This article presents the Chow test for detecting structural breaks in pair relationships and the application of the Cumulative Sum of Squares - CUSUM - for structural breaks monitoring and early detection. The article uses the Nvidia/Intel partnership announcement and the US Gov foreign trade tariff announcement as examples of slope inversion and intercept shift, respectively. Python scripts for all the tests are provided.
While researching the topic of cointegration, we are often exposed to a recurrent analogy: a drunk man walking his dog on a leash. They may move away sometimes, the man may walk in a tortuous way, the dog may jump faster and come back to the man, but they stay connected, tied by the leash. Eventually, they arrive home together. But what if, for any reason, the leash is broken?
Cointegration is a long-term relationship. The spread fluctuates constantly, but as we adjust the portfolio weights, we can stay in the business trading the same pair or basket for a relatively long time. Even a pair tied by simple correlation may sustain the correlation for a relatively long time, as long as we keep correcting the spread between them. Anyway, be it a correlation or a cointegration relationship, no relationship is forever. We know that at some point, it starts losing power, the pairs or assets in the basket start drifting away, the hedges start making no economic sense for trading, eventually leading to the removal of the pair or basket from our portfolio.

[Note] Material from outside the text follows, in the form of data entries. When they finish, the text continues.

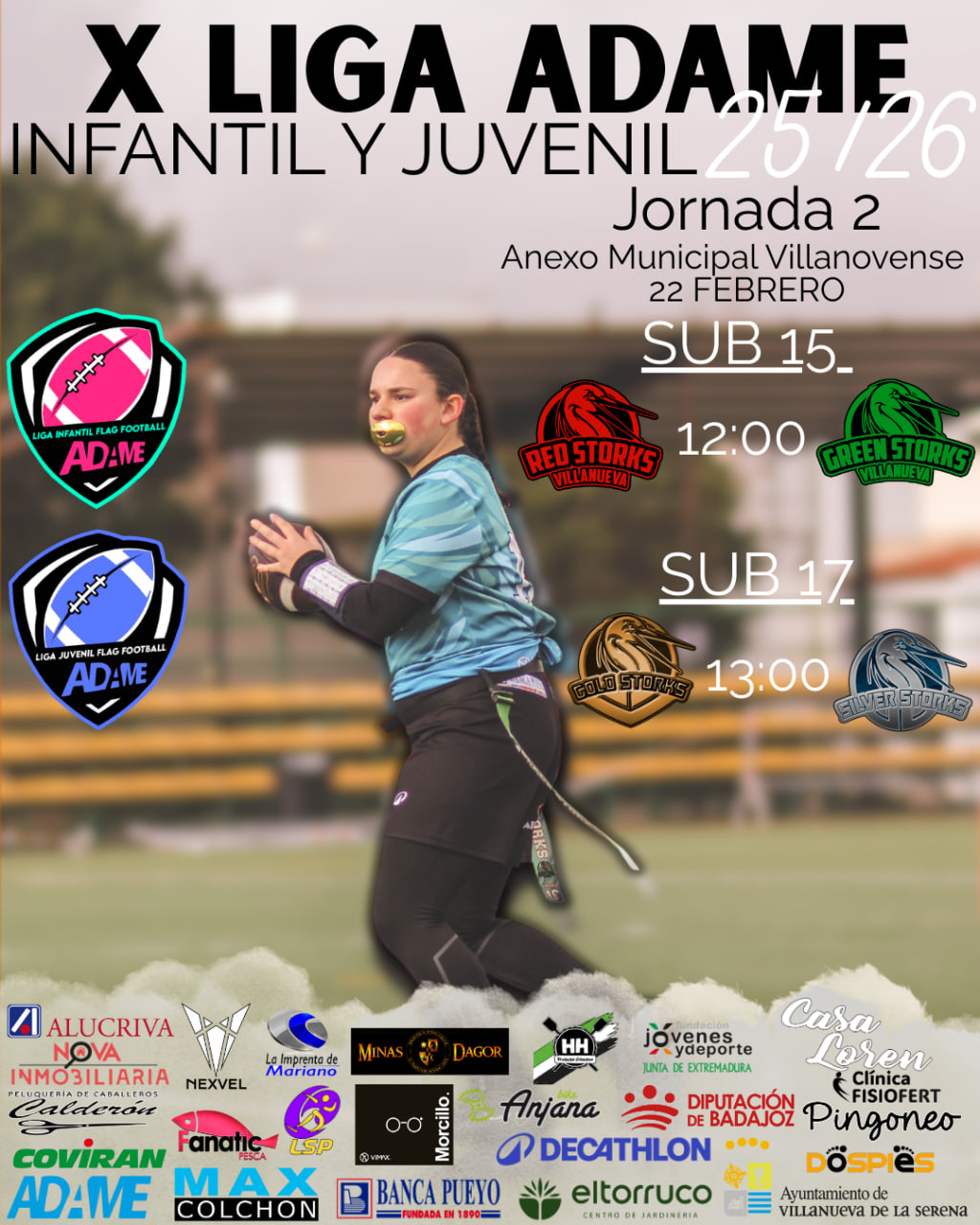 Este domingo 22 de febrero en el Anexo Municipal Villanovense desde las 12:00h, también tendremos acción en casa con la Jornada 2 de las Ligas Infantil y Juvenil ADAME Villanovense 2026.
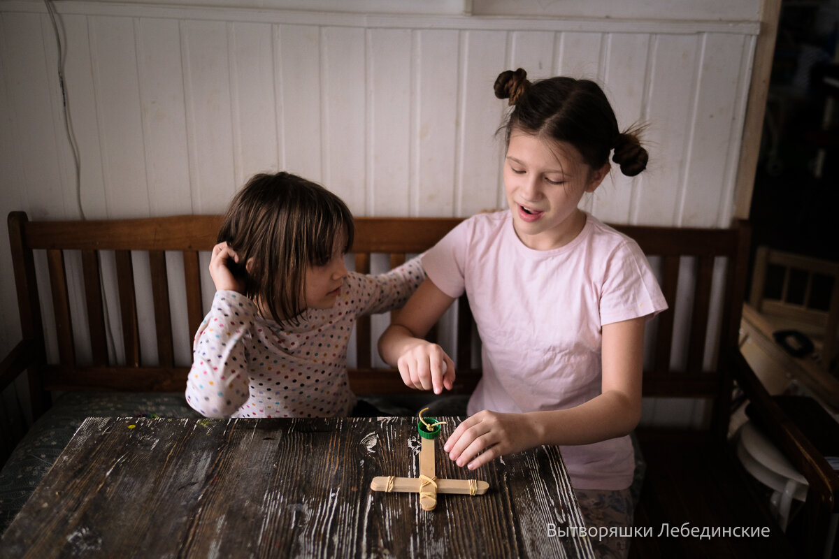 Смастерили простую увлекательную игру из деревянных палочек и резинок. Дети играют четвертый день
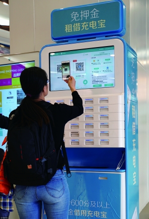 近期,北京各大商圈內(nèi)開始擺放一種機身藍白相間的自助租借充電寶設(shè)備。
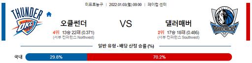 1월 3일 09:00 NBA분석 오클라호마 : 댈러스
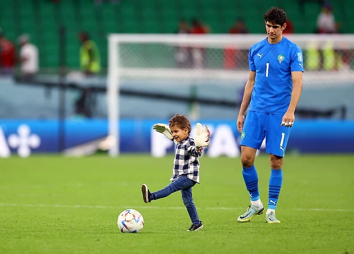 А когда стадион опустел, Яссин Буну вернулся на поле с маленьким сыном.
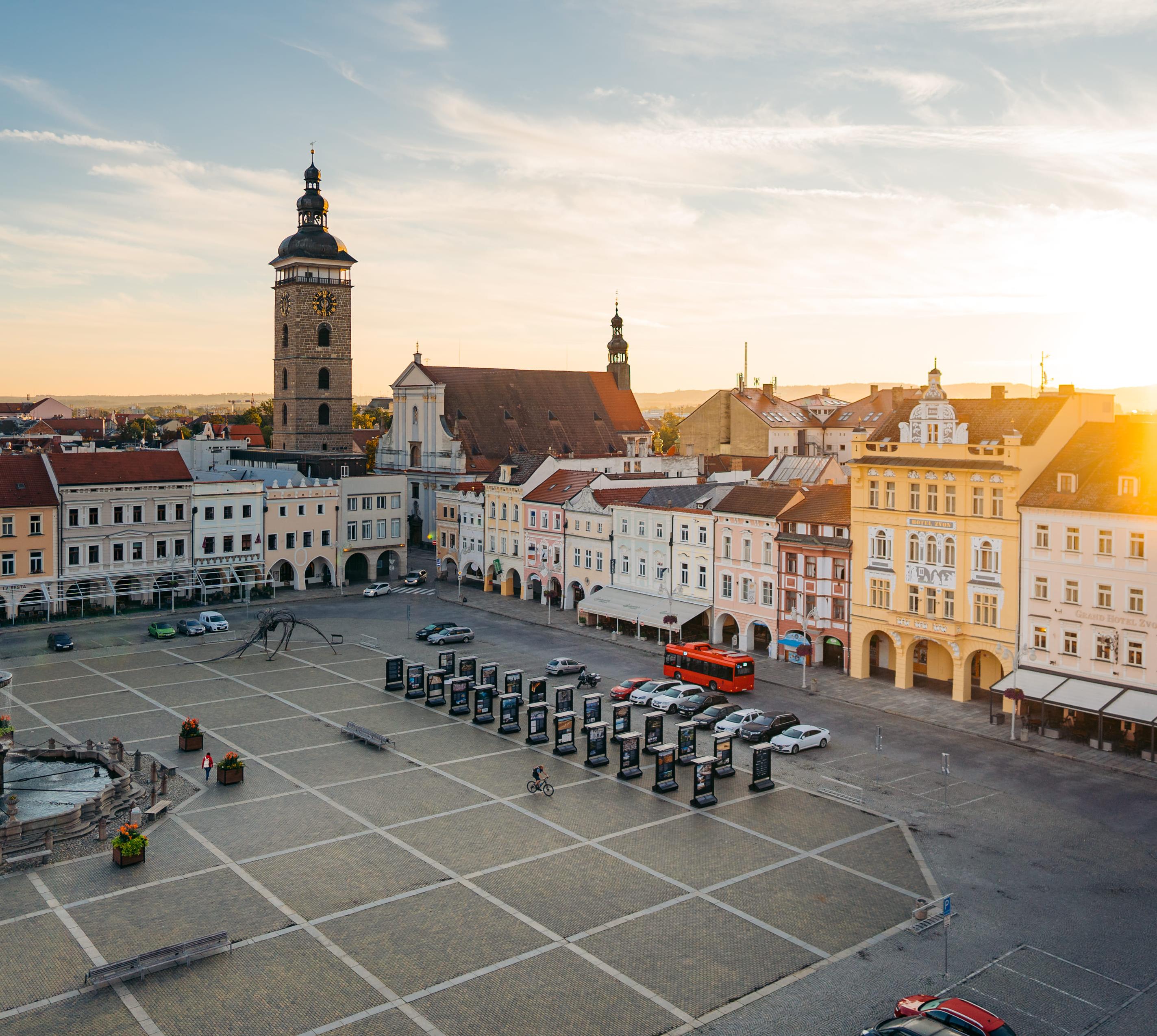 Bei einer Kahnfahrt, die regelmäßig an der Sokol-Insel startet, hast du fast die ganze Stadt im Blick. Starte zu Fuß, solltest du zuerst zum Premysl-Ottokar-II.-Platz, einem der größten Marktplätze in Böhmen. Die Fassaden der Häuser mit den markanten Arkadengängen stammen aus Barock und Klassizismus, die Dominante ist das Rathaus mit seinen drei Türmen. Eine Straße weiter steht der barocke St.-Nikolaus-Dom (Chrám sv. Mikulásě), vom Schwarzen Turm (Černá věž) (16.Jh.) hast du die beste Übersicht. Die Klosterkirche Mariä Opferung (Kostel Obětování Panny Marie) am Piaristické náměstí wurde im 13.Jh. errichtet.
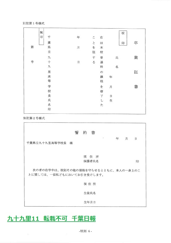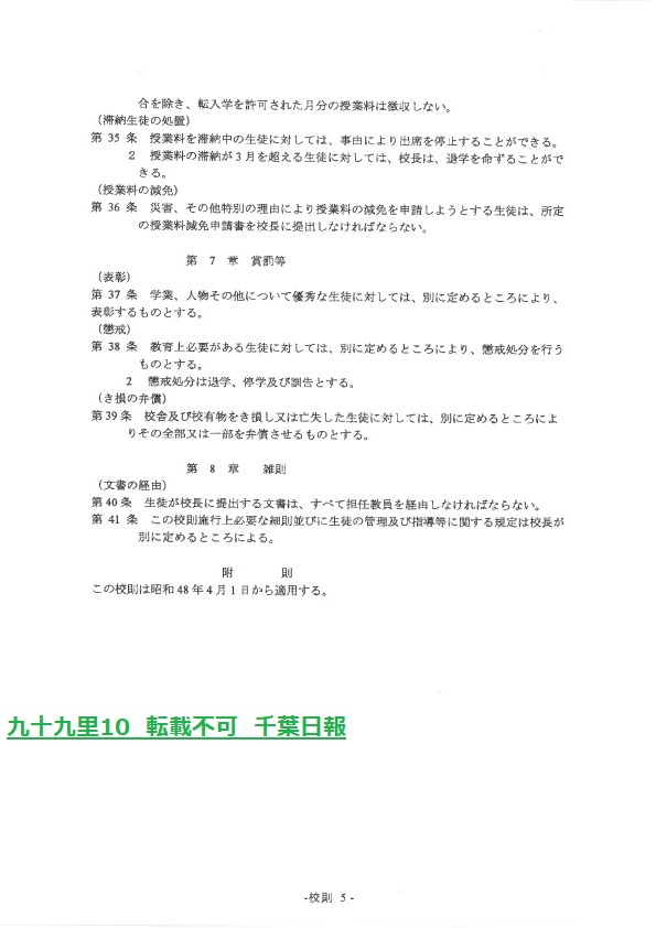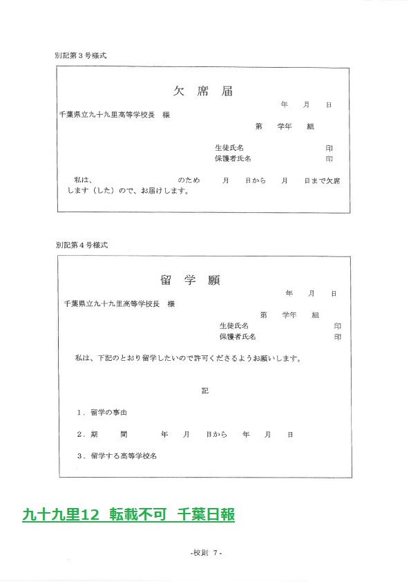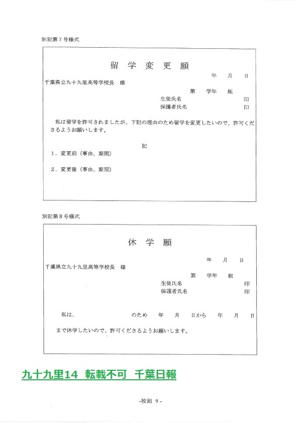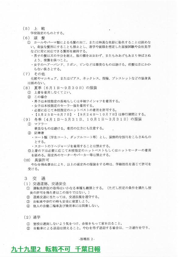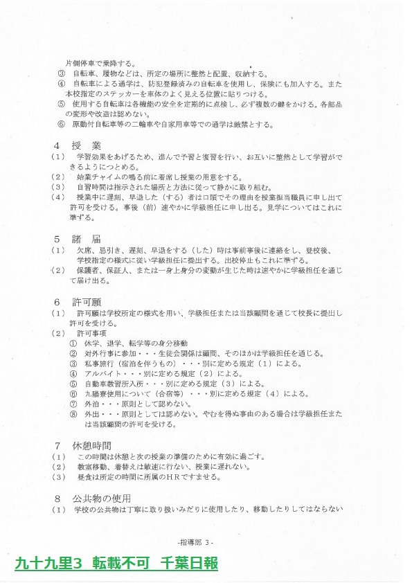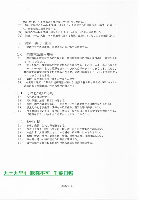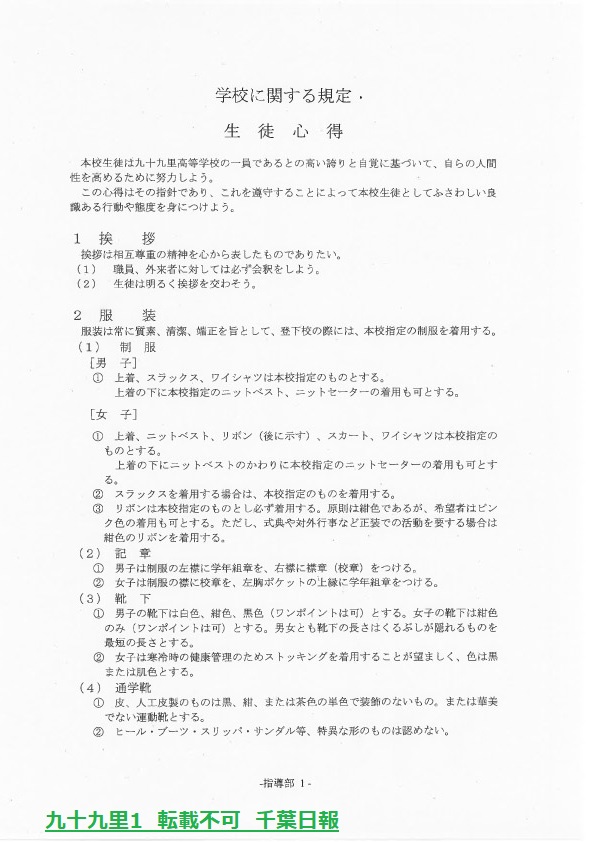 学校名 : 千葉県立九十九里高校 住 所 : 九十九里町片貝1910 掲載内容:生徒心得、校則注意点

Usually, this process is a progressive one. It can be monitored and detected by the tools we have been using so far, like the rolling window eigenvector comparison (RWEC) and the in-sample/out-of-sample ADF (IS/OOS ADF). In the last article of this series, we saw how we can backtest the portfolio weights updates based on the live trading monitoring of these progressive deviations from the model.
However, sometimes the connection between the assets breaks in an unexpected way. The leash that once connected the man and the dog snapped. Not progressively, but suddenly. Not step-by-step in a couple of days or weeks, but as a single event in time, a breakpoint.